Topic
Personal Notes
Read Time
20 Mins
I almost got KOed by a Lorry Yesterday. Here's What I'm Thinking About Today.
April 10, 2026
Almost every week I cycle from HSR Layout to Mathikere through the outer ring road to meet my parents. It keeps me fit. It keeps me close to family. It's one of those rituals that feels small but means a lot. This time I was cycling back to HSR at 10pm. Outer ring road at that hour is exactly what you'd expect — chaotic, relentless, everyone moving like the road belongs to them. I've navigated it enough times to know how to find a line through the havoc. But this time, metro construction at Hebbal had created a new detour I didn't see coming. I was on the right side of the road. I signalled, gradually eased left, and stopped briefly to let the traffic rush past before crossing over completely. In that moment of stillness, a lorry overtook me from the right. The load on the side caught me. I felt the pressure before I understood what was happening; I was being dragged, pulled sideways, thrown into the middle of the road. My front tyre burst instantly from the force. The lorry didn't stop. It just kept going. In those few seconds of being dragged, I saw death. And I was ready to accept it. That I'm writing this today feels like a miracle. The lorry driver never looked back. I sat in the middle of the road for a while, just breathing, front tyre completely gone, traffic moving around me like nothing had happened. I couldn't sleep last night. Not just from the shock, but because something had cracked open. In those seconds of being dragged across the road, my brain wasn't thinking about deadlines or unread messages or whether a design was polished enough. It was thinking about the open mic performance I keep putting off. The book I keep meaning to start. The things I've been waiting to do until the time was right. Here's what almost dying taught me: the time is never going to feel right. And one second is genuinely all it takes to be wiped off the face of the earth. The last thing you'd be thinking about isn't your to-do list, it's everything you kept waiting on.

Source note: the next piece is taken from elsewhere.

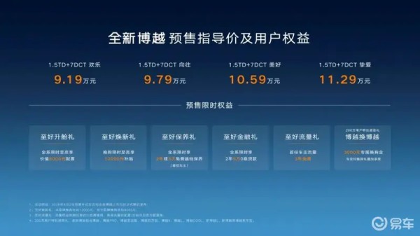 此次预售活动中,全新博越共发布欢乐、向往、美好、挚爱四款车型,预售价从9.19万元到11.29万元。为回馈广大消费者,吉利汽车特别推出“至好升舱礼”、“焕新礼”、“金融礼”、“流量礼”、“保养礼”、“感恩礼”等六大专属权益,其中包含价值最高6000元的免费配置升级、2年5万元零息贷款、最高12000元置换补贴、3年免费流量服务以及基础保养福利。此外,特别关照老博越用户,加赠3000元专属换购金,充分彰显吉利对家庭用户的满满诚意。

Perfectionism Is Just Fear With Better Branding
Designers — myself included — are professional perfectionists. We frame it as craft. We call it standards. We tell ourselves we're not shipping because the work isn't ready, the spacing is off, the hierarchy needs one more pass. But lying awake at 3am after almost being killed by a lorry, I couldn't maintain that story anymore. Perfectionism is fear. Fear that it won't land. Fear that people will see the rough edges. Fear that the version in your head, the perfect one, the one that exists only in your imagination, will be diminished by the real one that actually exists in the world. And here's the thing about that perfect version: nobody else can see it. It helps no one. It changes nothing. It just keeps you safe inside the gap between almost done and done.
Ship the Work
I'm not saying lower your standards. I'm not saying put garbage out into the world and call it done. I'm saying the difference between your 90% and your 100% is almost never as significant as you think — and the cost of closing that gap is almost always higher than it looks. The work that's out in the world, imperfect, real, visible, does something. It reaches someone. It starts a conversation. It gets you feedback that makes the next thing better. The work that stays in your drafts folder does none of that. A lorry reminded me of this. I'd rather have learned it a softer way, but here we are. So whatever you've been sitting on, that side project, that open mic set or maybe just asking out that girl — do it. Not because the moment is perfect. Because you're here, right now, and that's not something any of us should take for granted. Finish the thing. Let it go. Start the next one.